- _DATASET CONTENT_:

______

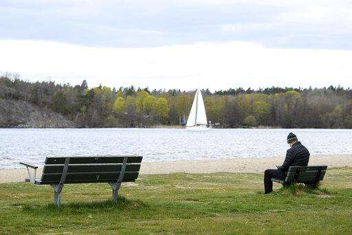 A man sits alone on a bench on the beach of lake Malaren, during the coronavirus outbreak in Satra south east of Stockholm, Saturday, April 25, 2020. (Henrik Montgomery/TT News Agency via AP) The Associated Press
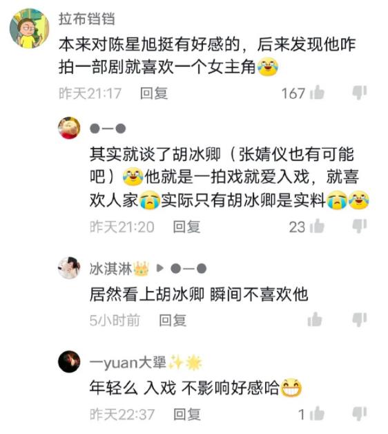 所谓:“陈星旭见一个爱一个”这个梗是在抖音上传出来的,当时在评论区有网友表示:“本来对陈星旭挺有好感的,后来发现他咋拍一部剧就喜欢一个女主角。”不过令人尴尬的是有一次合作了一部戏还传过绯闻,居然连人家名字都叫不上来,这是不是说明所谓的“恋爱瓜”极有可能只不过是剧组炒作CP,炒作剧的热度??
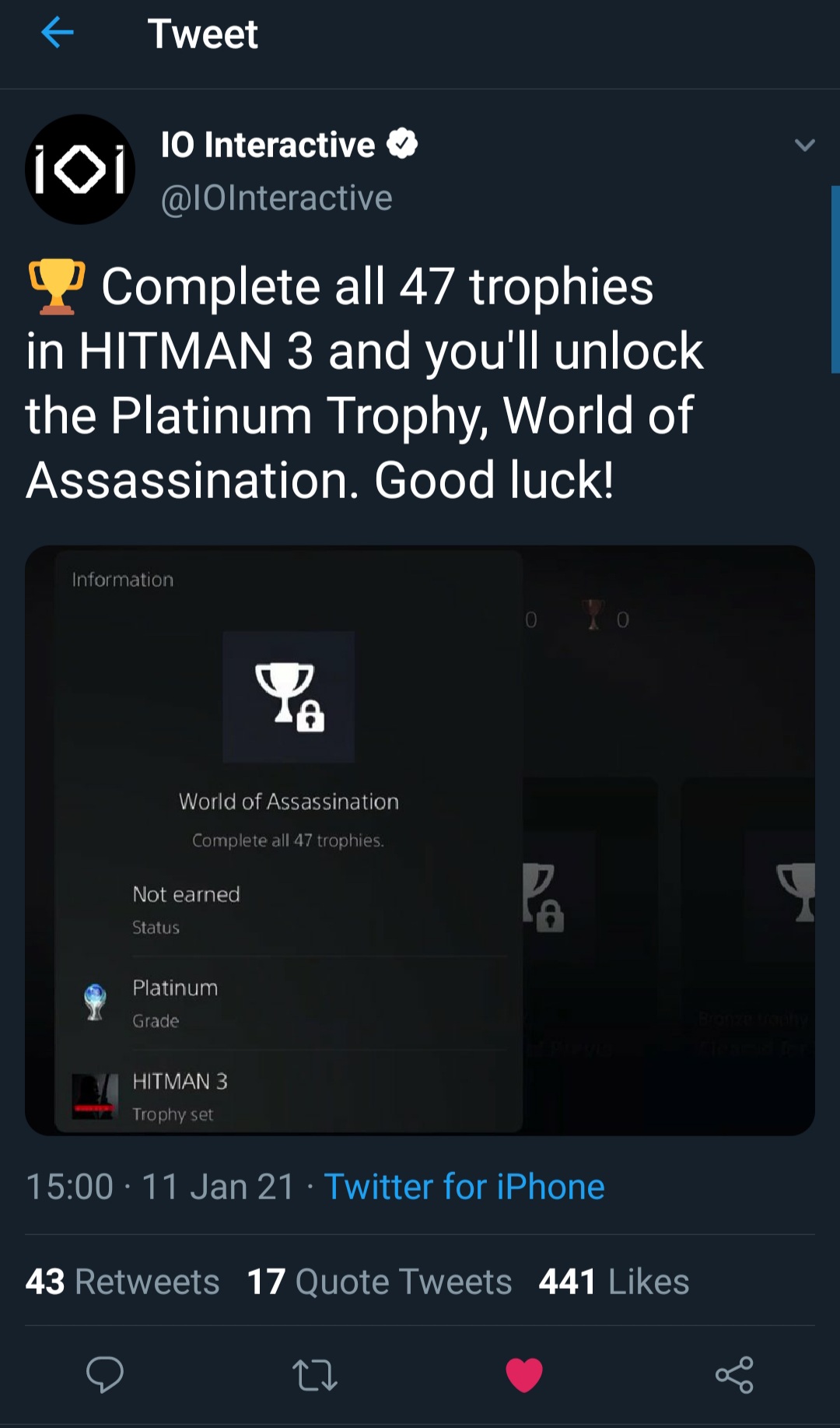 PlayStation trophy list if anyone is interested: HITMAN 3 Trophies | TrueTrophies

______

- _WORK ITEM_: Through to the final line, copy the material above exactly and skip the images.

- _SOLUTION TO THE PROBLEM_:
 A man sits alone on a bench on the beach of lake Malaren, during the coronavirus outbreak in Satra south east of Stockholm, Saturday, April 25, 2020. (Henrik Montgomery/TT News Agency via AP) The Associated Press
 所谓:“陈星旭见一个爱一个”这个梗是在抖音上传出来的,当时在评论区有网友表示:“本来对陈星旭挺有好感的,后来发现他咋拍一部剧就喜欢一个女主角。”不过令人尴尬的是有一次合作了一部戏还传过绯闻,居然连人家名字都叫不上来,这是不是说明所谓的“恋爱瓜”极有可能只不过是剧组炒作CP,炒作剧的热度??
 PlayStation trophy list if anyone is interested: HITMAN 3 Trophies | TrueTrophies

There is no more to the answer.